• _TASK DETAILS_
Your answer should hold exactly the lines below from the line with "Eine Reise in" through the line with "ภาพที่ 4.29 เคียรบรมครูปู่ฤๅษีบนแท่นบูชาของคณะละครเท่งตึก", both included, and no pictures at all.

• _PROVIDED RECORDS_
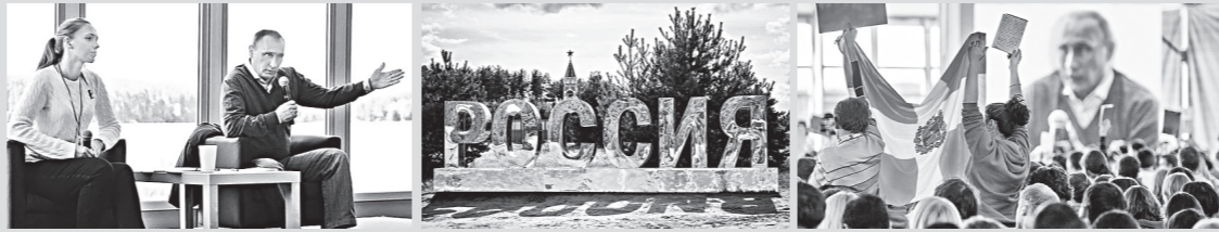
29 АВГУСТА 2014
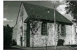
Eine Reise in die 1200-jährige Vergangenheit des Kirchengebäudes der Neupastoralischen Kirche an der Westerfeldstr. 12 in Bielefeld
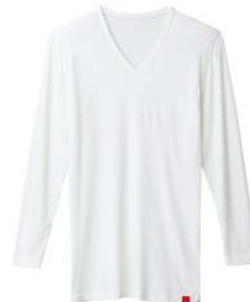
商品名:Vネック9分袖シャツ 品番:MH1609 カラー:3色(オフホワイト、 チャコールグレー、ブラック) 希望小売価格:¥1,800+税
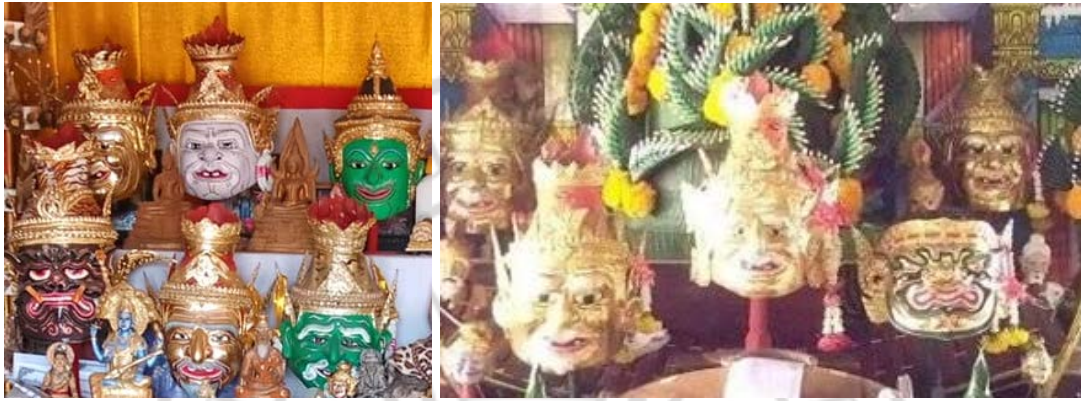
ภาพที่ 4.29 เคียรบรมครูปู่ฤๅษีบนแท่นบูชาของคณะละครเท่งตึก คณะจักรวาลมงคลศิลป์ (ซ้าย) และคณะรวมดาวรุ่งดาราศิลป์ (ขวา)

หลวง คือ วิทยาลัยนาฏศิลป์ ทำให้เกิดความพิถีพิถันให้การให้ความสำคัญกับรูปหัวโขน หรือคีตาจารย์อย่างสมบูรณ์แบบ ผ่านสัญญาณที่แสดงออกมาจากหิ้งบูชาเทพสังคีตาจารย์ของทั้งสองคณะ ได้แก่ พระปัญจสิงขร พระปรคนธรรพ พระวิศุกรรม พ่อแก่-พ่อครู ดังภาพที่ 4.29

• _REPLY TO THE EXERCISE_
Eine Reise in die 1200-jährige Vergangenheit des Kirchengebäudes der Neupastoralischen Kirche an der Westerfeldstr. 12 in Bielefeld
商品名:Vネック9分袖シャツ 品番:MH1609 カラー:3色(オフホワイト、 チャコールグレー、ブラック) 希望小売価格:¥1,800+税
ภาพที่ 4.29 เคียรบรมครูปู่ฤๅษีบนแท่นบูชาของคณะละครเท่งตึก คณะจักรวาลมงคลศิลป์ (ซ้าย) และคณะรวมดาวรุ่งดาราศิลป์ (ขวา)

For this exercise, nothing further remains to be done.